▶ ASSIGNMENT: Each entry should be returned exactly as written, with no pictures carried over.

[Source records]
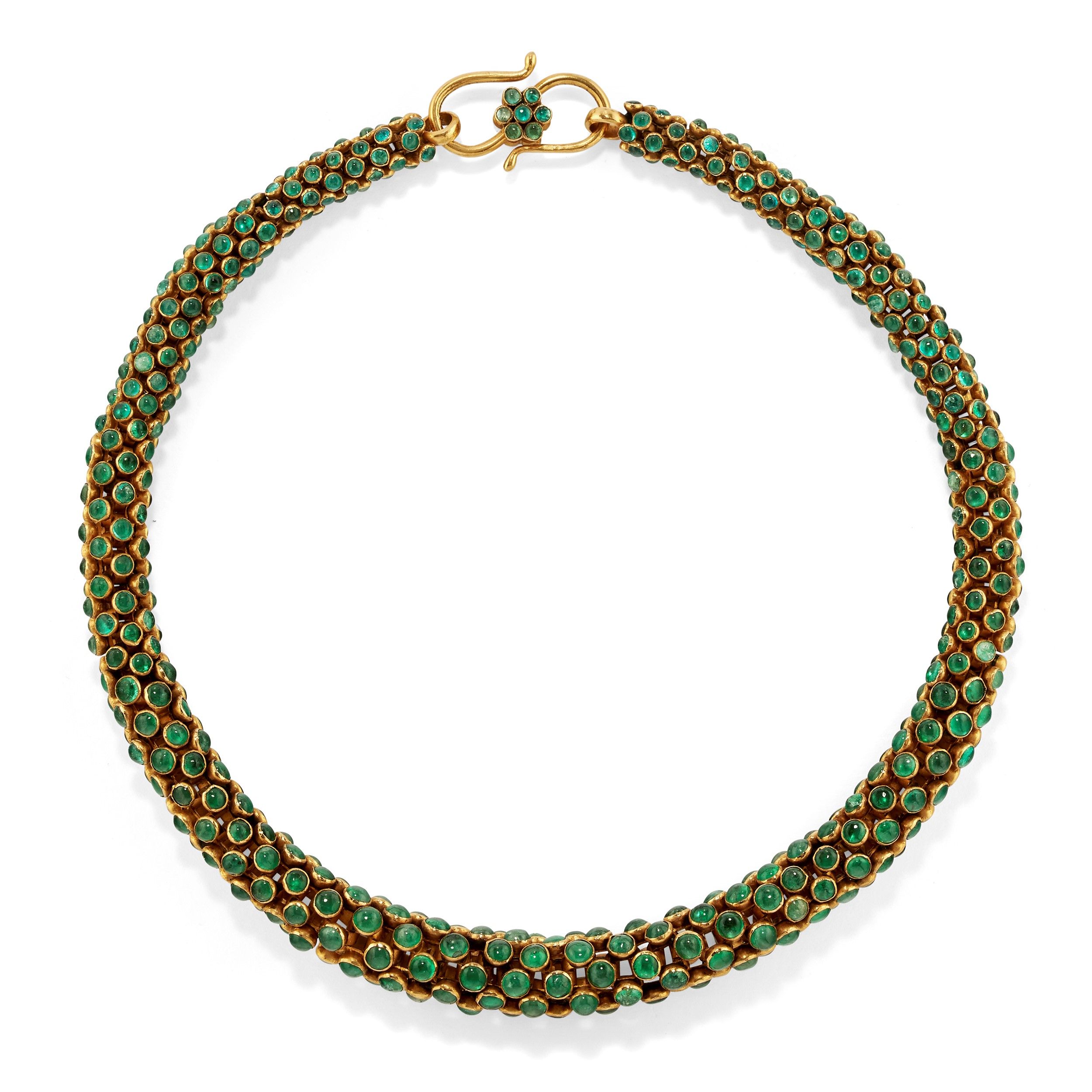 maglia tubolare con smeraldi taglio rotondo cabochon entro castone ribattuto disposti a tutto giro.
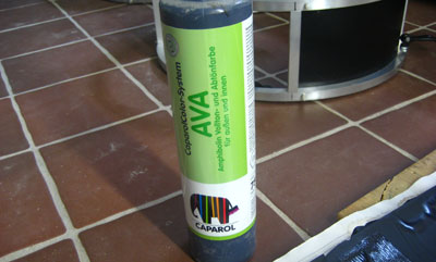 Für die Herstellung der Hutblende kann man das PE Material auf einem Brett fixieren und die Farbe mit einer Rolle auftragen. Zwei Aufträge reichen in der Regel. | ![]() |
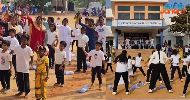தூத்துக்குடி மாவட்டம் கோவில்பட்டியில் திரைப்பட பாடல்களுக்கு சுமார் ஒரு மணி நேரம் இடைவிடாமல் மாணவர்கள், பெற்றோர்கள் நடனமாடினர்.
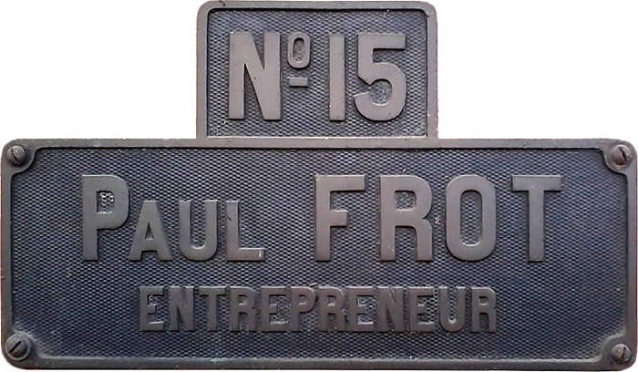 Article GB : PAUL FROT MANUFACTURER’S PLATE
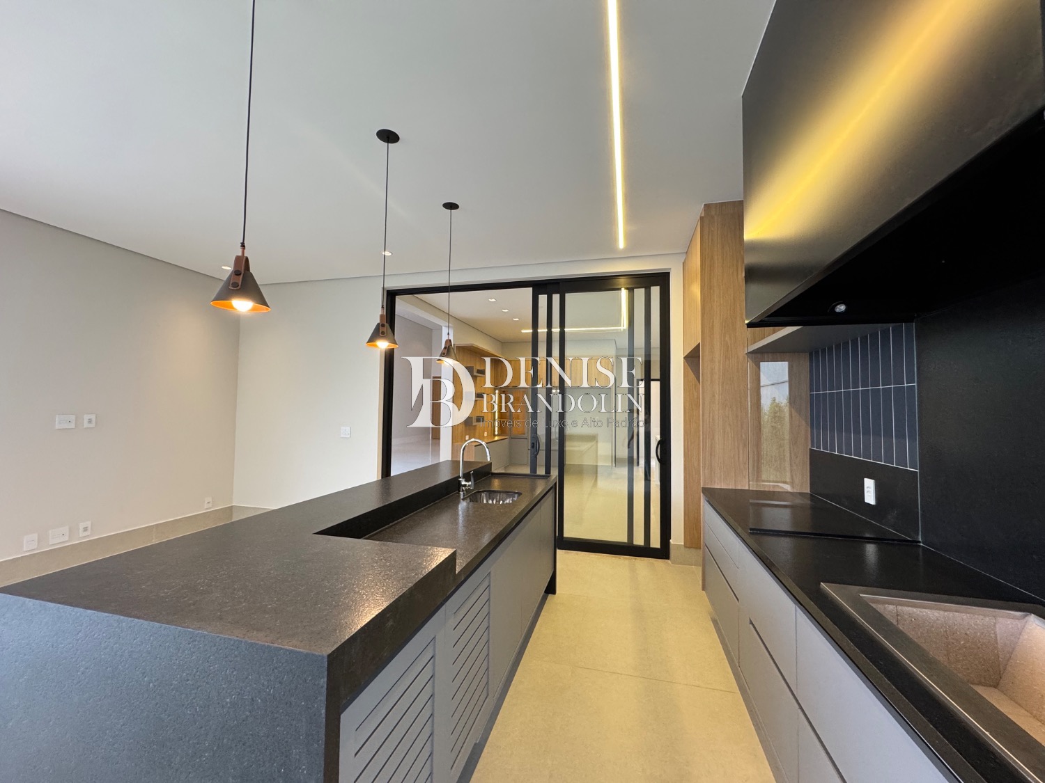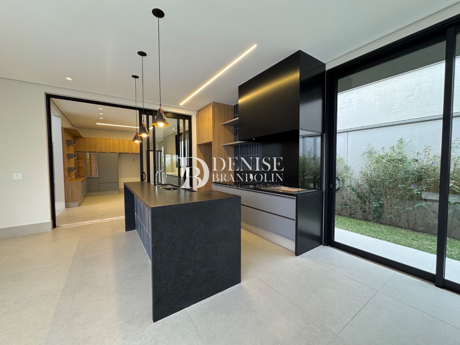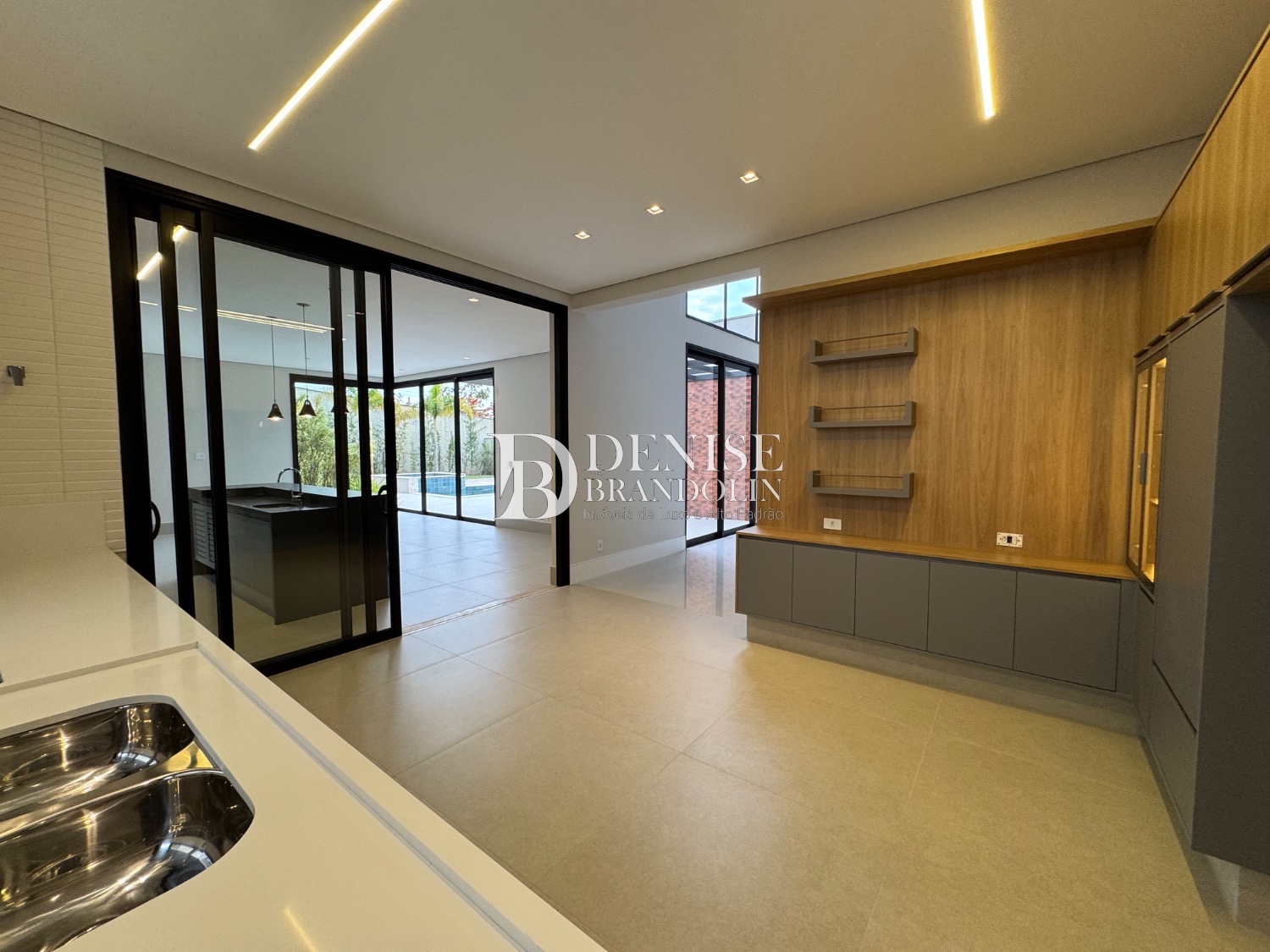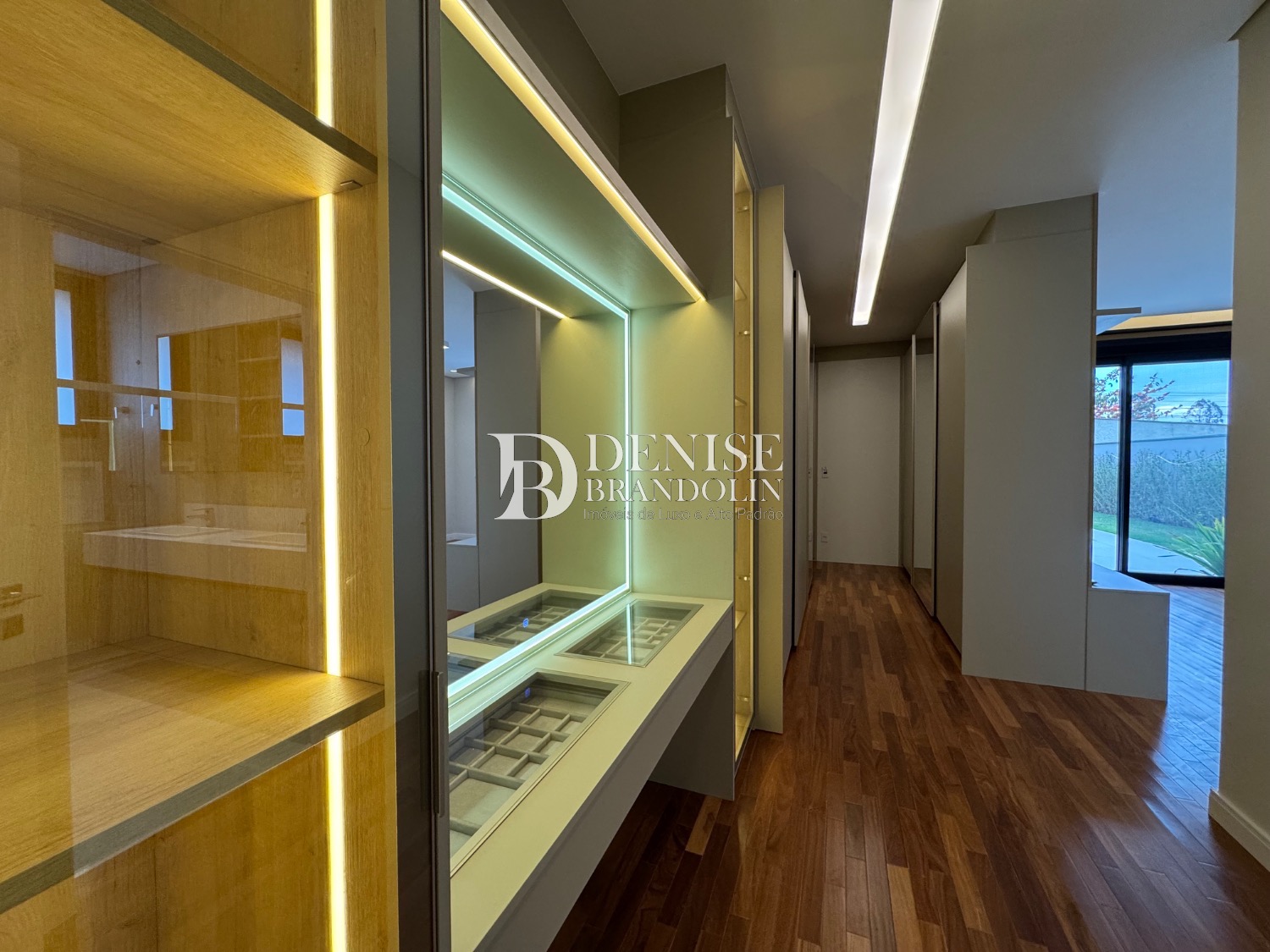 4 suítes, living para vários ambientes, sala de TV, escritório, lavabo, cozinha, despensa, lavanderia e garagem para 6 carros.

▶ WRITTEN ANSWER:
 maglia tubolare con smeraldi taglio rotondo cabochon entro castone ribattuto disposti a tutto giro.
 Für die Herstellung der Hutblende kann man das PE Material auf einem Brett fixieren und die Farbe mit einer Rolle auftragen. Zwei Aufträge reichen in der Regel. | ![]() |
தூத்துக்குடி மாவட்டம் கோவில்பட்டியில் திரைப்பட பாடல்களுக்கு சுமார் ஒரு மணி நேரம் இடைவிடாமல் மாணவர்கள், பெற்றோர்கள் நடனமாடினர்.
 Article GB : PAUL FROT MANUFACTURER’S PLATE
 4 suítes, living para vários ambientes, sala de TV, escritório, lavabo, cozinha, despensa, lavanderia e garagem para 6 carros.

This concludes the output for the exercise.